◆ **GOAL OF THE EXERCISE**: Quote the whole listing word for word. Do not include the pictures.

◆ **SOURCE MATERIAL**:
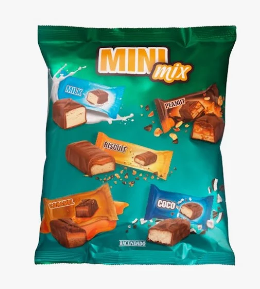 Mix mini de Mercadona ofrece en una bolsa diferentes variedades de barritas de chocolate: una con cacahuetes, otra a base de leche, otra con coco, otra de caramelo y una última con caramelo. El surtido está compuesto por cuatro barritas de cada sabor.
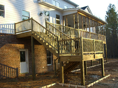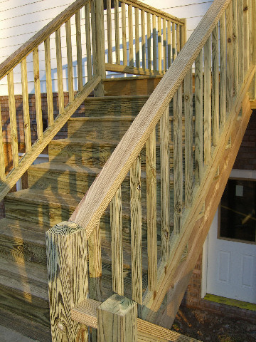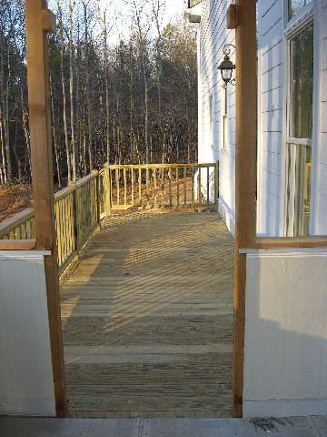 The deck is really more of a bridge to connect the screened porch to the stairway. Here it is as seen from the screened porch. This was not intended as outdoor living space or entertainment area. I'll keep a grill on the deck and that is about it.
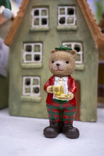 - Figurka Miś złoty w czerwonym garniturze złota szklanka w ręku 12,5cm

◆ **EXERCISE OUTPUT**:
 Mix mini de Mercadona ofrece en una bolsa diferentes variedades de barritas de chocolate: una con cacahuetes, otra a base de leche, otra con coco, otra de caramelo y una última con caramelo. El surtido está compuesto por cuatro barritas de cada sabor.
 The deck is really more of a bridge to connect the screened porch to the stairway. Here it is as seen from the screened porch. This was not intended as outdoor living space or entertainment area. I'll keep a grill on the deck and that is about it.
 - Figurka Miś złoty w czerwonym garniturze złota szklanka w ręku 12,5cm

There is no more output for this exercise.